BEGIN

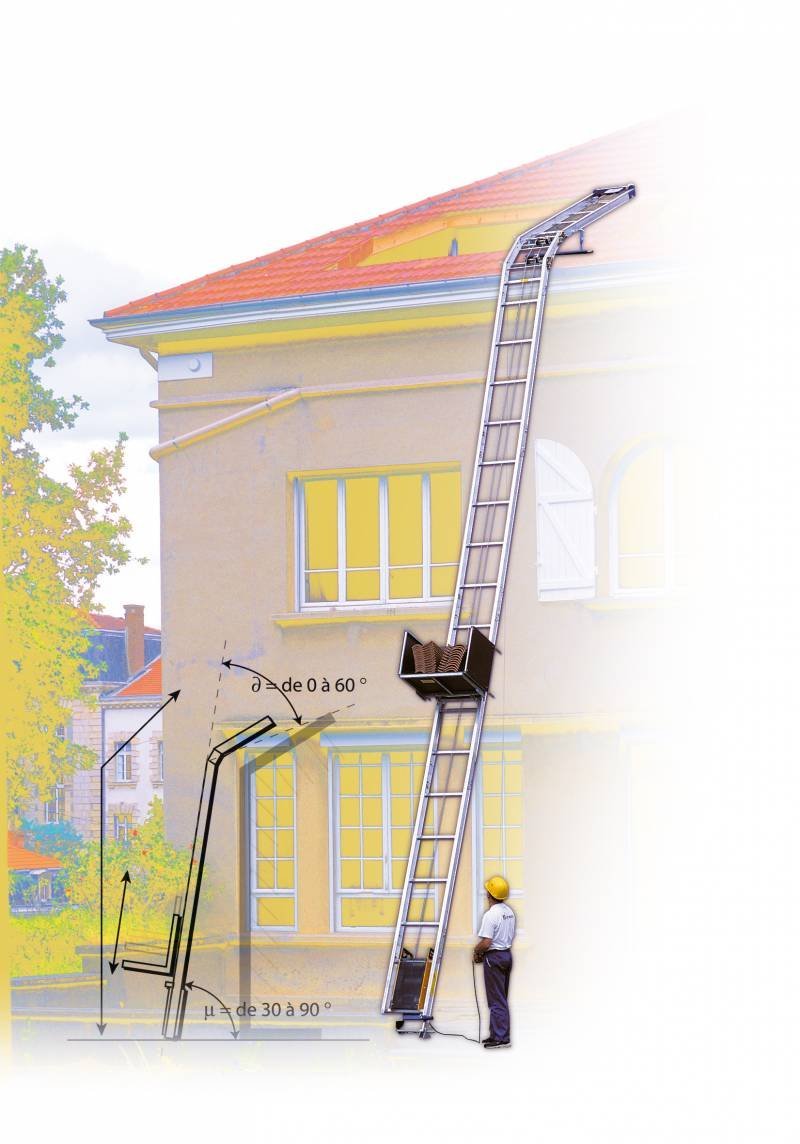- Genouillère du monte-materiaux montana est réglable de 0 à 60° pour tous les toits et toutes les configurations rurales ou urbaines. La position 0° la transforme en échelle simple.Verrouillage très ferme grâce à des plats crantés.
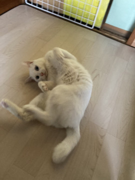 もうすぐ抱っこもできそうです! 帰宅しようとドアへ向かうとドアの前で「帰らないでぇ~」とゴロンします。
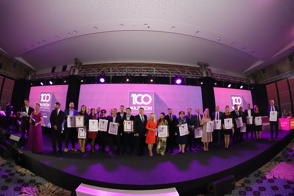 Najuspješnijim bh. kompanijama po ukupnom prihodu, dobiti, izvozu i investicijama uručena su priznanja, a kompletni rezultati istraživanja dostupni su u tradicionalnom specijalnom izdanju publikacije Poslovnih novina – «100 najvećih u BiH», koja predstavlja godišnji pregled uspješnog poslovanja domaće privrede.
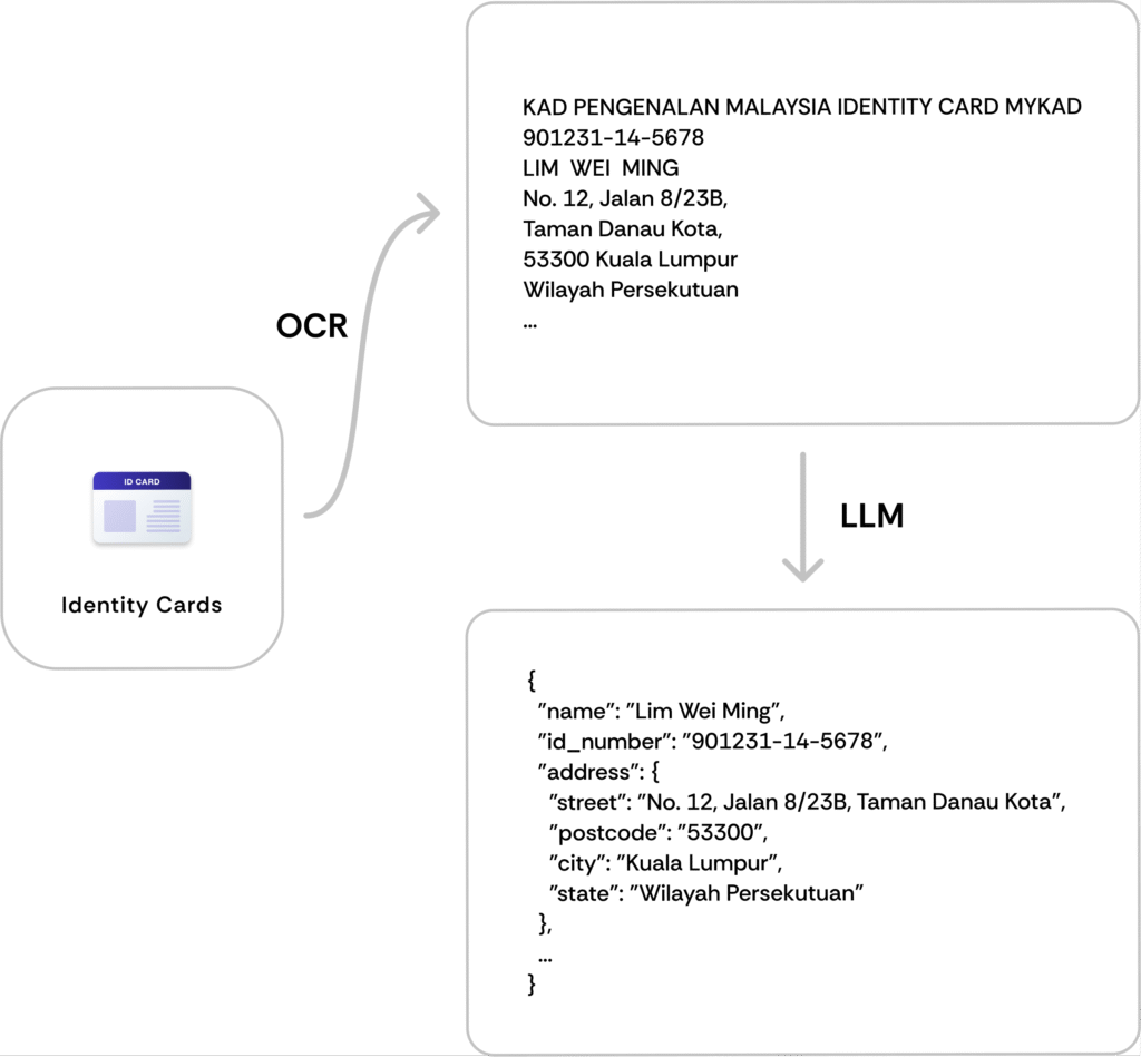 Then, our LLM interprets the extracted text to identify and categorise the relevant data points.

END

» WORK TASK
Please set down exactly the lines from the first line of the data above through the line with "もうすぐ抱っこもできそうです", both included, leaving out the pictures.

» PROBLEM SOLUTION
- Genouillère du monte-materiaux montana est réglable de 0 à 60° pour tous les toits et toutes les configurations rurales ou urbaines. La position 0° la transforme en échelle simple.Verrouillage très ferme grâce à des plats crantés.
 もうすぐ抱っこもできそうです! 帰宅しようとドアへ向かうとドアの前で「帰らないでぇ~」とゴロンします。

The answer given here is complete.